More participants consuming either of 2 common IBS dietary regimens experienced significant and sustained symptom relief vs those given pharmacotherapy.

Food vs Medicine for IBS: Dietary Measures First, New Study Suggests  / image credit  IBS ©Yurii Kibalnik/stock.adobe.com
©Yurii Kibalnik/stock.adobe.com

Among adults with moderate or severe symptoms of irritable bowel syndrome (IBS), more than 70% of those who followed either of 2 dietary interventions had a statistically significant reduction in symptoms after 4 weeks compared to 58% of those receiving optimized pharmacotherapy, according to study findings published in The Lancet Gastroenterology and Hepatology.1

After 6 months, when participants in the dietary change groups had partially returned to previous eating patterns, nearly two-thirds continued to report significant relief of symptoms, prompting study authors to suggest that dietary interventions might be an effective approach to first-line IBS treatment.1

IBS is described as a disorder of gut-brain interactions that affects approximately 4% of the adult population. While symptoms include chronic or recurrent abdominal discomfort and irregular bowel habits, results of routine clinical tests and investigations are normal, study authors wrote.1 Specific dietary modifications are typically used as first-line treatment with appropriate pharmacologic interventions chosen to target a most bothersome symptom.1

When more restrictive dietary measures are needed, a regimen low in fermentable oligosaccharides, disaccharides, monosaccharides, and polyols (FODMAPs) is often prescribed or one that has high fiber content, low total carbohydrates, and high proportions of protein and fat.1 Study authors, led by Sanna Nybacka, PhD, Sahlgrenska Academy, University of Gothenburg, Gothenburg, Sweden, described a dearth of research either comparing dietary approaches to IBS symptom management or comparing dietary approaches to medical treatment of the predominant gastrointestinal (GI) symptoms. Their study was designed to compare 3 options: a FODMAP diet plus traditional IBS dietary advice (FODMAP+); a low-carbohydrate diet, and pharmacologic treatment.1

For the single-center, single-blind randomized controlled trial Nybacka and fellow researchers enrolled individuals at a specialized outpatient clinic at the Sahlgrenska University Hospital, screening those aged 18 years and older with moderate-to-severe IBS (Rome IV criteria, IBS Severity Scoring System (IBS-SSS) score of 175 or greater, and no reported serious diseases or food allergies.
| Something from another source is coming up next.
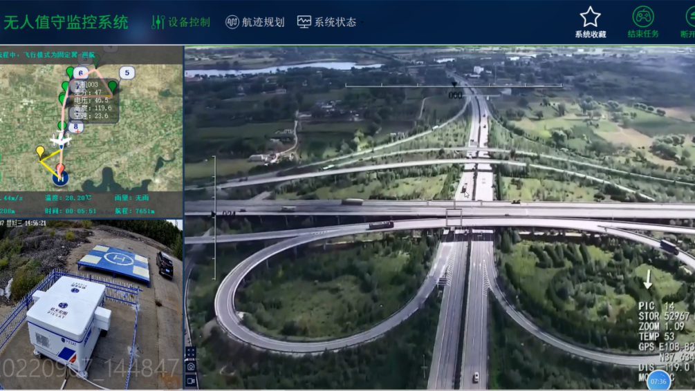 SU-50 UAV has the advantages of mobility, autonomy and high visibility. It can automatically cover the designated area and all surrounding areas, and collect and provide a whole set of information about intelligent transportation in real time. Through the integration of multi angle shooting and monitoring videos covering the whole scene of the road, the traffic infrastructure model is built, and then connected to the Internet of Things sensing facilities to form a traffic digital twin scene that includes roads, bridges, tunnels and other elements, so as to realize the universal connection between things and things, things and people, things and networks, and people and people. So as to make deduction and prediction of traffic conditions in advance, drive decision-making with intelligent data, improve the construction quality, operation efficiency, service level and management level of road infrastructure, and help the rapid development of intelligent transportation.

A total of 1104 individuals were assessed for eligibility between January 2017 and September 2021. The modified intention-to-treat cohort numbered 294 participants (18% men, mean age 38 years) who were randomly assigned in a 1:1:1 ratio to receive dietary or medical intervention as follows: FODMAP+ diet (n = 96); low carbohydrate diet (n = 97); and optimized medical therapy (n = 101). Participants followed the assigned regimens for 4 weeks. All were masked to the dietary intervention, but medication was open label.

The primary end point of interest was the proportion of participants in each group with a response to the 4-week intervention, defined as a reduction of 50 or more in IBS-SSS relative to baseline score.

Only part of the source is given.